ETL Step 1 - Raw Data Refresh

Published

January 25, 2025

This notebook uses the bikeHelpR package to update a database with the latest bike share data. The package pulls data from https://capitalbikeshare.com which provides an API to access bike share data. The raw data is written to the Content DB database to the bike_raw_data table.

Get data from API

Use the the bikeHelpR package to get the latest data from https://capitalbikeshare.com.

Station status

feeds_station_status <- 
  bikeHelpR::feeds_urls() %>% 
  filter(name == "station_status") %>% 
  pull(url) %>% 
  bikeHelpR::get_data() 

station_status <- 
  feeds_station_status %>%
  magrittr::extract2("data") %>%
  dplyr::mutate(time = feeds_station_status$last_updated) %>%
  dplyr::select(
    is_installed, 
    num_bikes_available, 
    last_reported, 
    is_renting, 
    eightd_has_available_keys, 
    num_docks_available, 
    num_docks_disabled, 
    is_returning, 
    station_id, num_ebikes_available, 
    num_bikes_disabled, 
    time
  )

glimpse(station_status)
Rows: 783
Columns: 12
$ is_installed              <int> 1, 1, 1, 1, 1, 1, 1, 1, 1, 1, 1, 1, 1, 1, 1,…
$ num_bikes_available       <int> 10, 4, 11, 7, 3, 7, 9, 7, 3, 7, 6, 3, 0, 7, …
$ last_reported             <int> 1737766215, 1737766216, 1737766216, 17377662…
$ is_renting                <int> 1, 1, 1, 1, 1, 1, 1, 1, 1, 1, 1, 1, 1, 1, 1,…
$ eightd_has_available_keys <lgl> FALSE, FALSE, FALSE, FALSE, FALSE, FALSE, FA…
$ num_docks_available       <int> 2, 8, 0, 8, 12, 8, 9, 4, 16, 10, 8, 12, 19, …
$ num_docks_disabled        <int> 0, 0, 0, 0, 0, 0, 0, 0, 0, 0, 0, 0, 0, 0, 0,…
$ is_returning              <int> 1, 1, 1, 1, 1, 1, 1, 1, 1, 1, 1, 1, 1, 1, 1,…
$ station_id                <chr> "3d8b6392-9572-4c65-b71c-fd8f03af9ab2", "8d6…
$ num_ebikes_available      <int> 0, 0, 2, 4, 0, 3, 2, 0, 0, 1, 0, 0, 0, 5, 13…
$ num_bikes_disabled        <int> 0, 0, 0, 0, 0, 0, 1, 0, 0, 1, 1, 0, 0, 0, 0,…
$ time                      <dttm> 2025-01-25 00:52:29, 2025-01-25 00:52:29, 2…

Station info

# The station information endpoint.
station_information_url <- 
  bikeHelpR::feeds_urls() %>% 
  filter(name == "station_information") %>% 
  pull(url)

# Call the endpoint to obtain the JSON data.
request <- httr2::request(station_information_url)
response <- httr2::req_perform(request)
json_data <- httr2::resp_body_json(response)

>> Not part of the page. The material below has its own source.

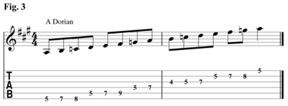 The next chord, D7 is the V chord of G major, and since A is the 2nd scale degree in the key of G, we’ll play the A Dorian fingering in Fig. 3 for the IV chord.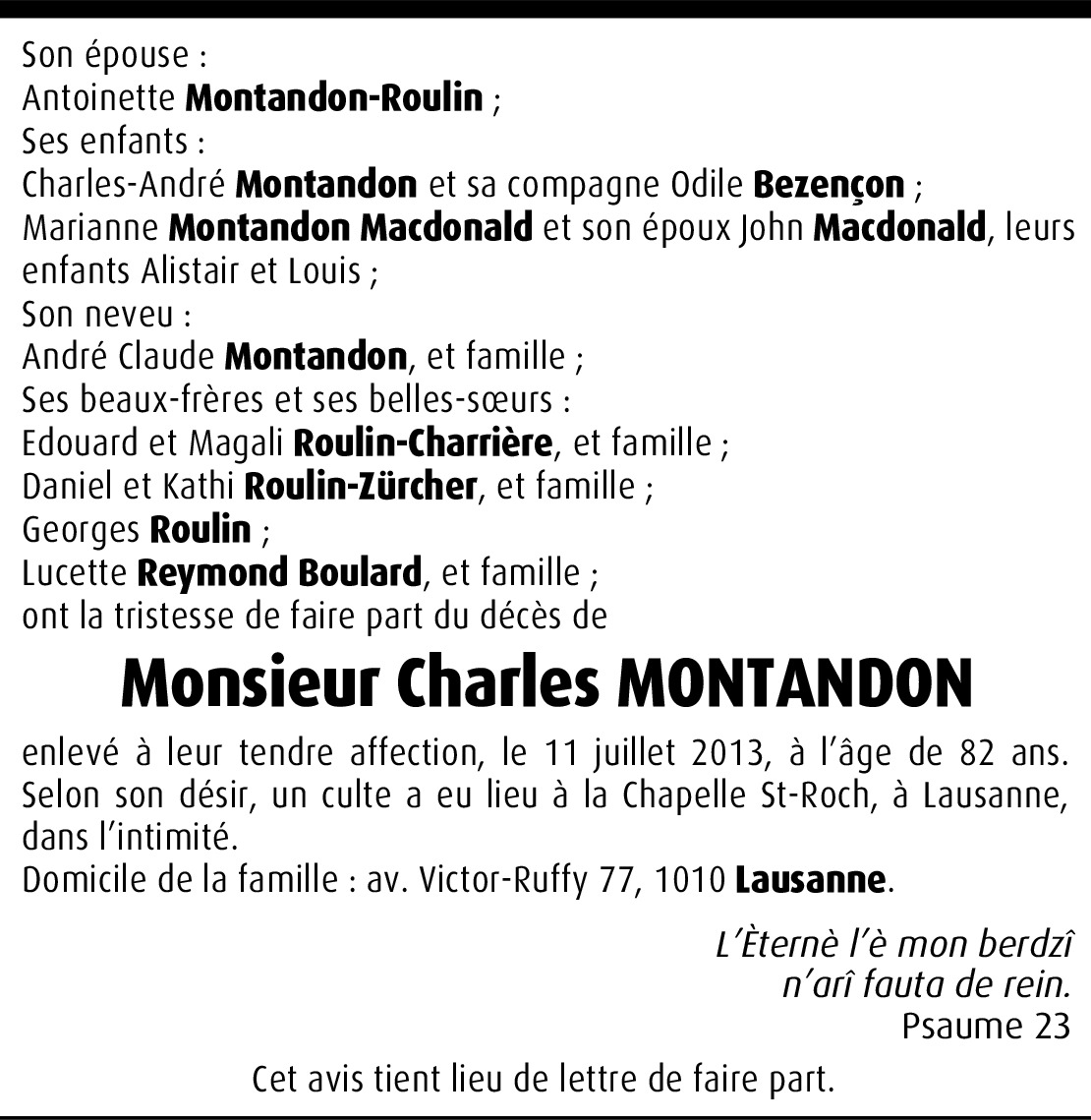 Dernière condoléances

# Convert the JSON data into a tibble.
station_info <- 
  json_data$data %>%
  as_tibble() %>%
  tidyr::unnest_wider(stations) %>%
  select(station_id, name, lat, lon) %>%
  distinct() %>%
  mutate(
    last_updated = as.POSIXct(
      json_data$last_updated,
      origin = "1970-01-01 00:00:00 UTC"
    )
  )

glimpse(station_info)
Rows: 783
Columns: 5
$ station_id   <chr> "6d5ad96d-a704-4fa6-8b65-3ac643c5aa93", "1890204129337198…
$ name         <chr> "Lincoln Rd & Seaton Pl NE/Harry Thomas Rec Center", "Dor…
$ lat          <dbl> 38.91500, 38.87926, 38.92570, 38.86911, 38.92926, 38.8849…
$ lon          <dbl> -77.00780, -77.23358, -77.07912, -77.27154, -77.24065, -7…
$ last_updated <dttm> 2025-01-25 00:53:29, 2025-01-25 00:53:29, 2025-01-25 00:…

Update database

Write the new data from the API to the database.

con <- dbConnect(
  odbc::odbc(),
  Driver      = "postgresql",
  Server      = Sys.getenv("DB_SERVER"),
  Port        = "5432",
  Database    = "soleng",
  UID         = Sys.getenv("DB_USER"),
  PWD         = Sys.getenv("DB_PASSWORD"),
  BoolsAsChar = "",
  timeout     = 10
)
dbWriteTable(con, 
             name = DBI::Id(schema="content", name="bike_raw_data"), 
             station_status, append = TRUE)
dbWriteTable(con, 
             name = DBI::Id(schema="content", name="bike_station_info"), 
             station_info, overwrite = TRUE)
dbDisconnect(con)
print("Raw data updated 🎉")
[1] "Raw data updated 🎉"

Update the pin

Station info will also be written to a pin. This pin will be accessed by the shiny app so that it can easily get the bike station info without connecting to the database.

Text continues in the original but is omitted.